▶ _About this exercise_
Transcribe the full listing below, word for word, without pictures.

▶ _Given data_

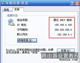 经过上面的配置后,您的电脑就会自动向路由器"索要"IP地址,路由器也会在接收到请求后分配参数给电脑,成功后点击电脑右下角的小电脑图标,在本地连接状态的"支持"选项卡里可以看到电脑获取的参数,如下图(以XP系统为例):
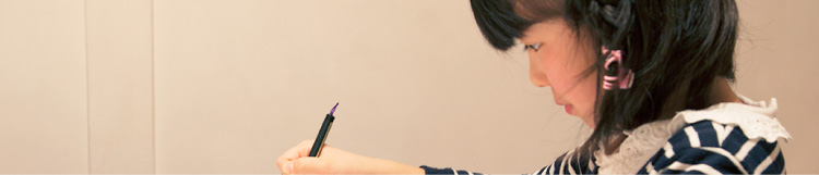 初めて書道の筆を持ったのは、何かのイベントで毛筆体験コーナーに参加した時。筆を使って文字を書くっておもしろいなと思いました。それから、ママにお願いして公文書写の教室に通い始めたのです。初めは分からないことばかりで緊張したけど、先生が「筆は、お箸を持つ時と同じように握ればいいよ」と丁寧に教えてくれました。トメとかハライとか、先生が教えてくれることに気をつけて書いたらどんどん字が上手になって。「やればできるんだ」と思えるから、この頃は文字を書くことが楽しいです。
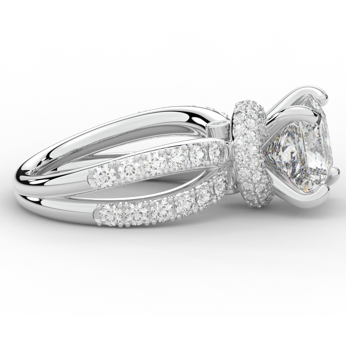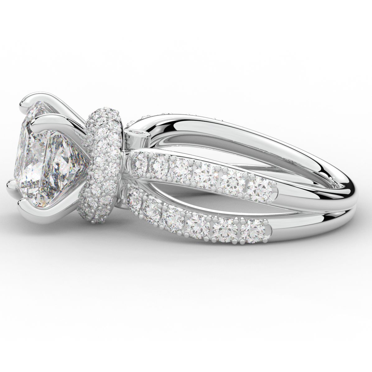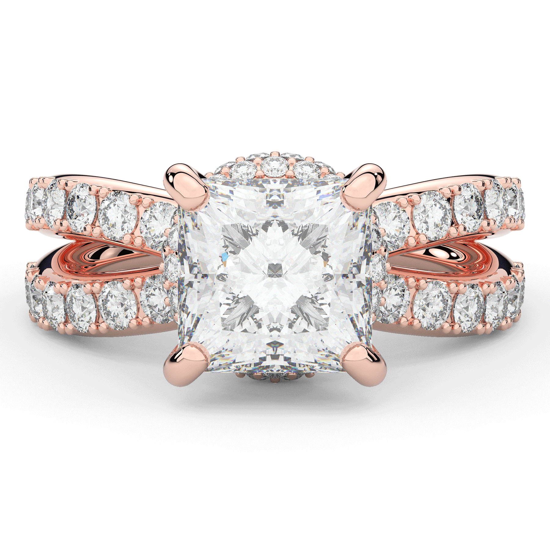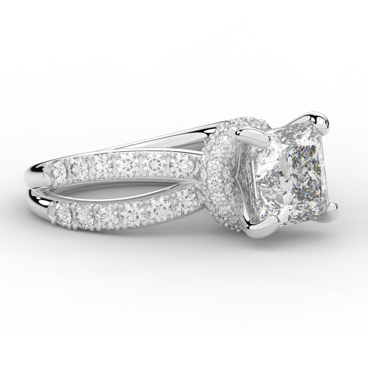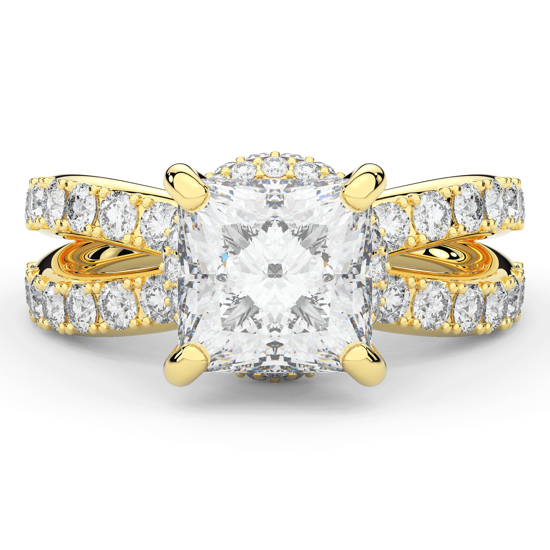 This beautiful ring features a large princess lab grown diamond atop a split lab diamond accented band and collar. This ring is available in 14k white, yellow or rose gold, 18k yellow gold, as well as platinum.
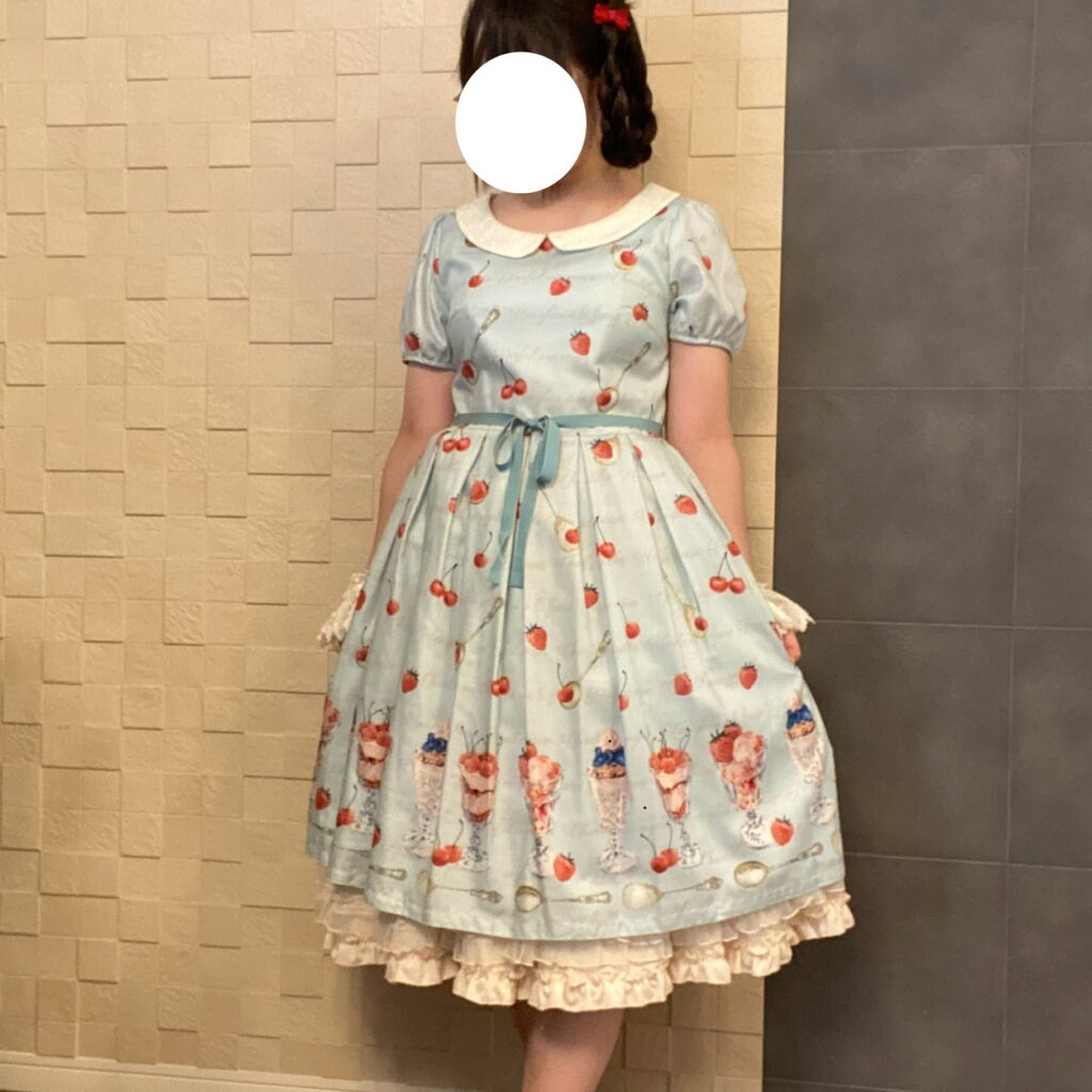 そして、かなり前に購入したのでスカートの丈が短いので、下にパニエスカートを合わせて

▶ _Written solution_
 经过上面的配置后,您的电脑就会自动向路由器"索要"IP地址,路由器也会在接收到请求后分配参数给电脑,成功后点击电脑右下角的小电脑图标,在本地连接状态的"支持"选项卡里可以看到电脑获取的参数,如下图(以XP系统为例):
 初めて書道の筆を持ったのは、何かのイベントで毛筆体験コーナーに参加した時。筆を使って文字を書くっておもしろいなと思いました。それから、ママにお願いして公文書写の教室に通い始めたのです。初めは分からないことばかりで緊張したけど、先生が「筆は、お箸を持つ時と同じように握ればいいよ」と丁寧に教えてくれました。トメとかハライとか、先生が教えてくれることに気をつけて書いたらどんどん字が上手になって。「やればできるんだ」と思えるから、この頃は文字を書くことが楽しいです。
 This beautiful ring features a large princess lab grown diamond atop a split lab diamond accented band and collar. This ring is available in 14k white, yellow or rose gold, 18k yellow gold, as well as platinum.
 そして、かなり前に購入したのでスカートの丈が短いので、下にパニエスカートを合わせて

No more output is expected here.